Manchester has developed heterogeneity metrics that clearly outperform conventional summary metrics in a number of areas involving diagnosis, tumour grading and treatment response. Current work now focuses on developing magnetic resonance (MR) imaging heterogeneity metrics in preclinical models.
We will develop this theme by addressing major challenges restricting robust techniques for the quantification of tumour heterogeneity, focussing on both development of robust imaging approaches and thorough biological qualification. We intend to develop the potential of imaging-based heterogeneity measures using both MR and positron emission tomography (PET).
In order to improve the quality of reconstructed PET images, we will develop and evaluate advanced spatiotemporal models to describe radiotracer distribution that are specifically designed for application in oncology. The particular challenges associated with this are the estimation of an input function and the effects of hypoxia and diffusion on tracer distribution.

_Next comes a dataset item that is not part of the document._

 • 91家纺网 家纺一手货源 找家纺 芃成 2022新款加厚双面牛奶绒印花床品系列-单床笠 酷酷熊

We will develop, validate and qualify statistically robust techniques for identifying tissue subtypes across individuals using multimodality data, and qualify these tissue signatures using immunohistochemical and genetic analyses. Initial studies to statistically combine data will focus on existing brain data sets with anatomical, diffusion weighted and dynamic contrast MR. The approach will then be extended to encompass PET data, evaluated in tissues affected by physiological motion. Neuro-oncological MR data will enable us to validate and test our methods.
We will integrate serial clinical imaging and biopsies (including liquid biopsies) with the aim of detecting and unravelling response/resistance induced changes to both novel agents and repurposed drugs. Immunohistochemical and genetic analysis - whole genome sequencing, whole exome sequencing and RNA sequencing - of biopsies will be used to qualify imaging biomarker based classifications. This will allow development of optimised and reduced clinical imaging protocols. The multi-dimensional data (genomic, automated microscopy-image analysis and radiological images) will be integrated by developing a robust integrated database and analysis pipeline with proper visualisation tools to give a systems view of cancer at diagnosis and as it evolves in response to treatment.

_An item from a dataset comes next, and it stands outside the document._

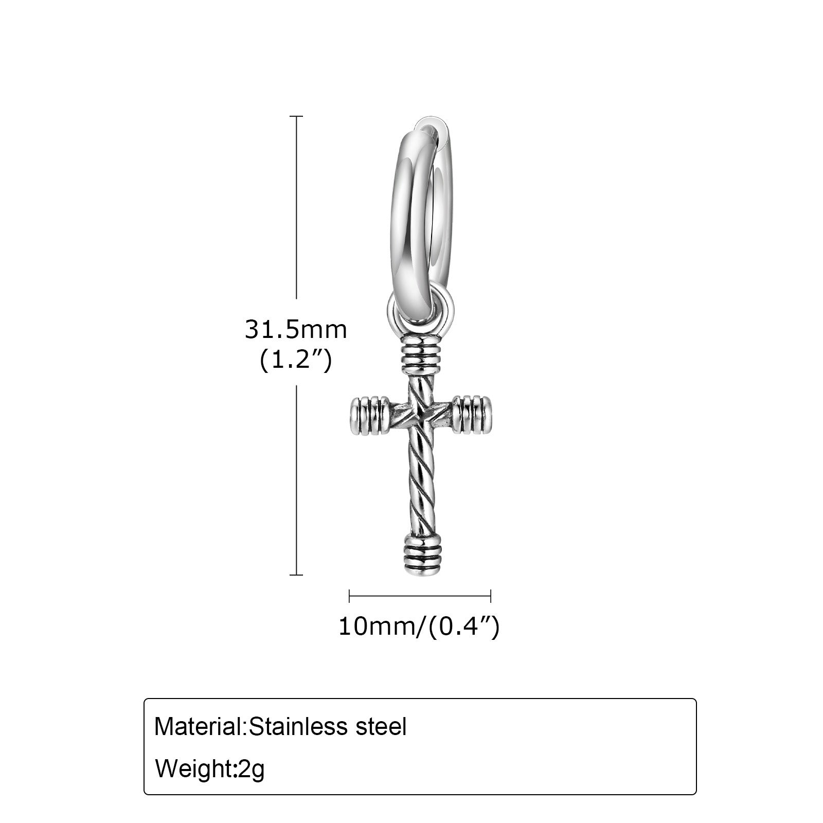Vintage Punk Cross Stainless Steel Dangle Earrings for Men

Heterogeneity in drug delivery represents an important mechanism of treatment resistance. We will focus initially on preclinical and clinical studies in the brain to establish analytical and imaging approaches to allow investigation of drug delivery and the interactions with radiotherapy and molecularly targeted agents. Depending on results, we anticipate the development of clinical studies in primary lung and cerebral metastatic disease.
A study in breast cancer will use clips placed during surgery to correlate 3D imaging data – including MR and PET - with histological maps of hypoxia, angiogenesis and proliferation. The use of different multiple signals should allow a closer approximation to the “ground truth” of the current biological status in different regions of a tumour.